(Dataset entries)
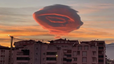 Una extraña formación de nubes que se asemeja a un objeto volador no identificado (OVNI) fue vista flotando sobre Bursa,…
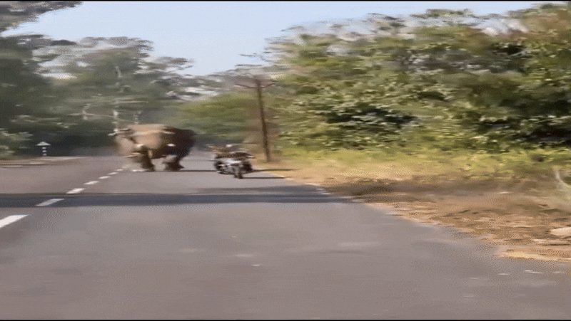 - हाथी ने अचानक जंगल से बाहर निकलकर मुख्य सड़क पर आकर वाहनों और राहगीरों में अफरातफरी मचा दी है
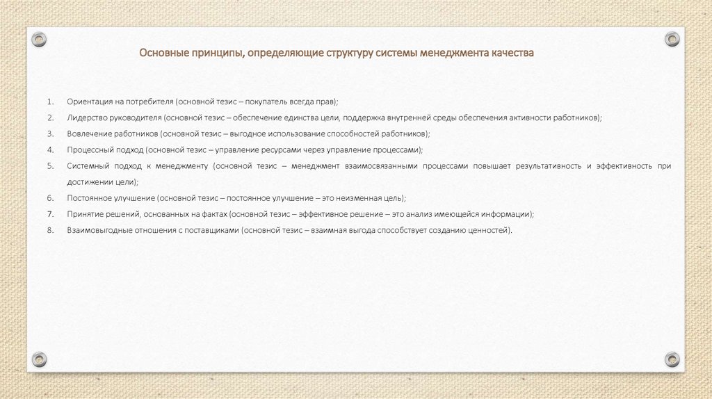 Системный подход к менеджменту (основной тезис – менеджмент взаимосвязанными процессами повышает результативность и эффективность при
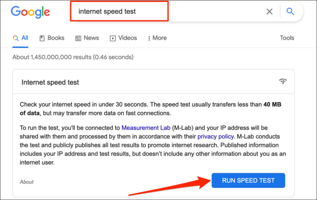 Open your web browser, google “internet speed test” and select Run Speed Test on the result page. You can also test your internet speed on websites like Speedtest.net or Fast.com.
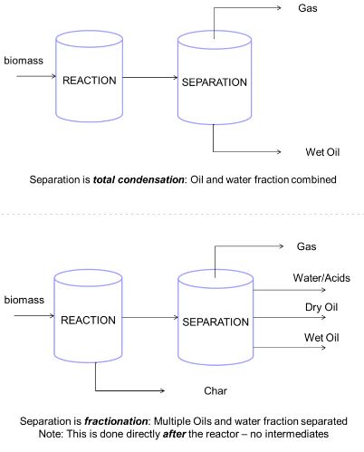 Our 2nd Generation Pyroflash reactor is based on its unique reactor design and patented separation process which distinguishes from previous generation pyrolysis technologies. This innovative separation process produces fractions directly from the feedstock and separates the water and acids fractions from the bio-crude oil produced through the thermochemical process that takes place inside the reactor with temperatures above 900 Celsius. As a result, multiple products simultaneously are extracted from the process.
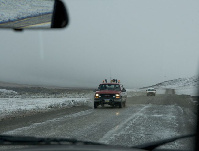 On-coming traffic on Dalton Highway during an August snowstorm. Human impacts; Tundra; Ecosystems; Snow; Automobiles; Roads;
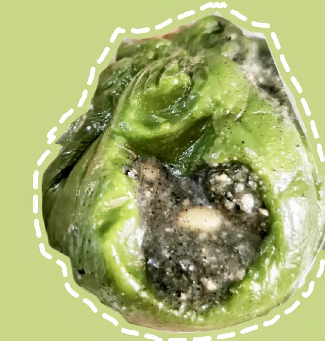 一口咬下去,流心芝麻瞬间爆浆,带来满口甜蜜!更有一颗颗完整的松子仁,在黑洋沙里畅快“游泳”~这款青团,嗜甜星人一定爱不释口~

• Task brief: Write out the records above exactly as they appear, leaving out any pictures.

• Written answer:
 Una extraña formación de nubes que se asemeja a un objeto volador no identificado (OVNI) fue vista flotando sobre Bursa,…
 - हाथी ने अचानक जंगल से बाहर निकलकर मुख्य सड़क पर आकर वाहनों और राहगीरों में अफरातफरी मचा दी है
 Системный подход к менеджменту (основной тезис – менеджмент взаимосвязанными процессами повышает результативность и эффективность при
 Open your web browser, google “internet speed test” and select Run Speed Test on the result page. You can also test your internet speed on websites like Speedtest.net or Fast.com.
 Our 2nd Generation Pyroflash reactor is based on its unique reactor design and patented separation process which distinguishes from previous generation pyrolysis technologies. This innovative separation process produces fractions directly from the feedstock and separates the water and acids fractions from the bio-crude oil produced through the thermochemical process that takes place inside the reactor with temperatures above 900 Celsius. As a result, multiple products simultaneously are extracted from the process.
 On-coming traffic on Dalton Highway during an August snowstorm. Human impacts; Tundra; Ecosystems; Snow; Automobiles; Roads;
 一口咬下去,流心芝麻瞬间爆浆,带来满口甜蜜!更有一颗颗完整的松子仁,在黑洋沙里畅快“游泳”~这款青团,嗜甜星人一定爱不释口~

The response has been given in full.